Open Access News

News from the open access movement


Saturday, October 07, 2006

An odd, hidden, permissible new copy of the research literature

Emerald Group Publishing will share its published articles with a plagiarism detection service.  From its October 5 announcement:

Emerald is proud to announce its recent partnership with iParadigms, LLC, developers of the Turnitin plagiarism detection [software]...The Turnitin service has been expanded to include Emerald content since 25 September. This innovative move reinforces Emerald’s proactive stance on plagiarism....

Malik AboRashid, Senior Director of Business Development, from iParadigms says, “This is the first agreement we have signed with a primary academic journal publisher. This ‘industry first’ confirms Emerald’s commitment to supporting integrity in scholarship and their position as a publisher of high quality research....”

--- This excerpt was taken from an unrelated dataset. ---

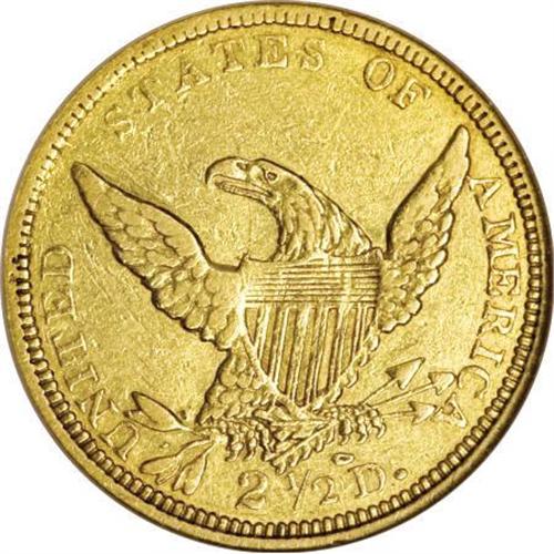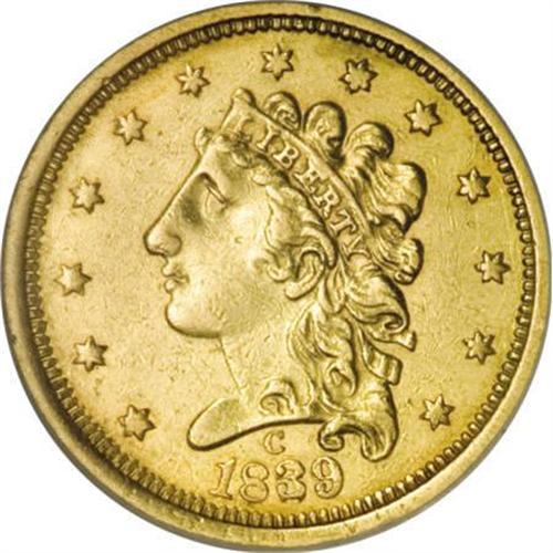 <B>1839-C $2 1/2 XF45 NGC.</B></I> Recut 39, Winter 3-C, McCloskey-C, Breen-6150, R.3. This bright example has impressive sharpness on the portrait, while the wingtips display moderate wear. Close inspection locates subdued obverse marks. Certified in a former generation holder. Only 18,140 pieces were struck for this difficult Charlotte issue, one of only two C-mint dates of the Classic quarter eagle type.<BR><BR><B>Coin Engraver:</B> William Kneass<BR><BR><b>Shipping:</b> Coins & Currency (<a target="_blank" href="http://www.heritageauctions.com/common/shipping.php">view shipping information</a>)

Comment.  Emerald will make its published articles available to Turnitin.  (It's unclear whether Turnitin will pay anything for them.)  If other publishers follow suit, then Turnitin will slowly develop an alternative copy of the research corpus.  It won't be accessible to the public, but it will be available for processing by Turnitin and its customers.  Note that this is just what Google, Yahoo, Microsoft and other search engines are seeking.  I have no beef with publishers who strike deals with Turnitin, even if they don't have author consent.  (Published articles, OA or non-OA, have always been susceptible to various forms of plagiarism detection.)  But any publisher willing to make its corpus available for Turnitin indexing should certainly make it available for search indexing as well.  Otherwise the signal is:  we're willing to take an extra step to punish the misuse of our literature but not to promote the use of it.